A fluorogenic assay for screening Sirt6 modulators

Abstract

A fluorogenic high-throughput assay suitable for screening Sirt6 modulators is developed based on the recently discovered efficient activity of Sirt6 to hydrolyze myristoyl lysine. Sirt6 modulators will be useful for investigating the function of Sirt6 and protein lysine fatty acylation.

Sirtuins are a class of evolutionarily conserved enzymes with nicotinamide adenine dinucleotide (NAD)-dependent protein deacetylase activity (Fig. 1).^{1, 2} There are seven sirtuins in mammals, Sirt1-7,³ which are reported to regulate important biological processes, including life span, transcription, genome stability, and metabolism.^4–6 Small molecules that can modulate sirtuin activity have been shown to have potential for treating several human diseases.^{7, 8} Sirtuin inhibitors can inhibit cancer cell growth and promote apoptosis.^9–16 Sirt2 inhibitors were reported to provide beneficial effects in Parkinson’s and Huntington’s diseases.^{17, 18} Sirtuin activators can potentially be used to treat diabetes¹⁹ and promote longevity.²⁰ However, the effects of sirtuin activators are still controversial.^{21, 22}

Fig. 1.

The deacylation reactions catalyzed by different sirtuins.

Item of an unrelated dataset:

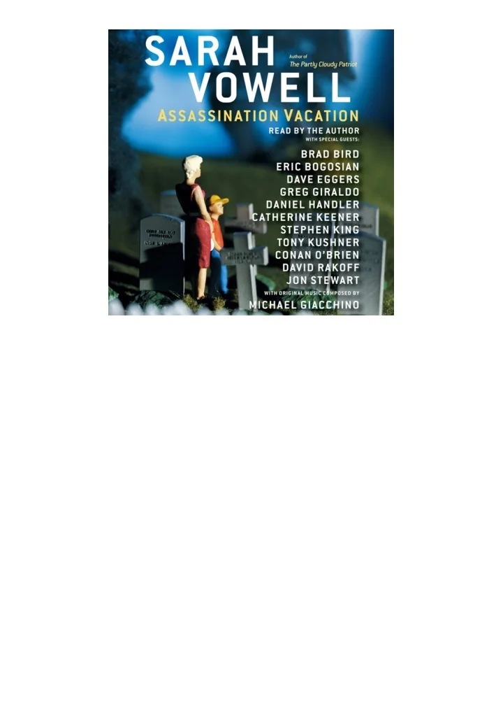 COPY LINK : https://goo-totheregister.blogspot.com/?open=B00097DWXQ | Kindle online PDF Assassination Vacation for android Sarah Vowell exposes the glorious conundrums of American history and culture with wit, probity, and an irreverent sense of humor. With Assassination Vacation, she takes us on a road trip like no other, a journey to the pit stops of American political murder and through the myriad ways they have been used for fun and profit, for political and cultural advantage. From Buffalo to Alaska, Washington to the Dry Tortugas, Vowell visits locations immortalized and influenced by the spilling of politically important blood, reporting as she goes with her trademark blend of wisecracking humor, remarkable honesty, and thought-provoking criticism. We learn about the jinx that was Robert Todd Lincoln (present at the assassinations of Presidents Lincoln, Garfield, and McKinley) and witness the politicking that went into the making of the Lincoln Memorial. The resulting narrative is much more than an entertaining and informative travelogue, it is the disturbing and fascinating story of how American death has been manipulated by popular culture, including literature, architecture, sculpture, and, the author's favorite, historical tourism. Though the themes of loss and violence are explored and we make detours to see how the Republican Party became the Republican Party, there are lighter diversions into the lives of the three presidents and their assassins, including mummies, show tunes, mean-spirited totem poles, and a 19th-century biblical sex cult.In Order of Appearance:Conan O'Brien...Robert Todd Lincoln Eric Bogosian...John Wilkes BoothStephen King...President Abraham LincolnDave Eggers...Mike Ryan Catherine Keener...Gretchen Worden Jon Stewart...President James A. GarfieldTony Kushner...John Humphrey NoyesBrad Bird...Charles Guiteau & Emma GoldmanDaniel Handler...President William McKinleyGreg Giraldo...President Theodore Roosevelt David Rakoff...Leon Czolgosz<br>

To facilitate the development of small molecules that can regulate sirtuin activity, high-throughput assays for sirtuins have been developed. One is a fluorogenic assay that couples the deacetylation to the trypsin-catalyzed amide bond hydrolysis to release a fluorescent small molecule, 7-amino-4-methylcoumarin (AMC, Fig. 2).²³ The other method is a fluorescence resonance energy transfer (FRET)-based assay where a donor dye and an acceptor dye are connected to an acetyl peptide substrate. The deacetylation followed by trypsin digest disrupts the FRET signal.²⁴ The fluorogenic assay using AMC-acetyl peptide can be easily miniaturized and automated for high-throughput analysis and has been used for screening deacetylase inhibitors and activators.^{19, 20}

Fig. 2.

The fluorogenic assay for the deacetylases (Sirt1, 2 and 3) using AMC-acetyl peptides, the fluorogenic assay for Sirt5 using AMC-succinyl peptides and fluorogenic assay for Sirt6 using AMC-myristoyl peptides.

However, the fluorogenic assay has only been used for Sirt1, Sirt2 and Sirt3, the three sirtuins with high deacetylase activity. The other four human sirtuins, Sirt4-7, have very weak deacetylase activity.^25–31 Because of this, there has been no reliable assay available for these sirtuins that can be used to analyze compounds that can modulate their activity. Correspondingly, not many inhibitors for these sirtuins have been reported. We recently discovered that Sirt5 is a demalonylase and desuccinylase³¹ while Sirt6 is a defatty-acylase (removing long chain fatty acyl groups)²⁵ (Fig. 1). These novel activities are several hundred folds higher than the corresponding deacetylase activity. The more efficient desuccinylase/demalonylase activity of Sirt5 has enabled the development of a high-throughput assay for Sirt5 (Fig. 2).³² Here we report a high-throughput assay for Sirt6 using a fluorogenic AMC-myristoyl peptide substrate (Fig. 2). We believe this assay will be important for the development of Sirt6-specific inhibitors, which can be important tools to investigate the physiological function of Sirt6, the therapeutic potential of Sirt6 inhibitors, and the physiological function of protein lysine fatty acylation.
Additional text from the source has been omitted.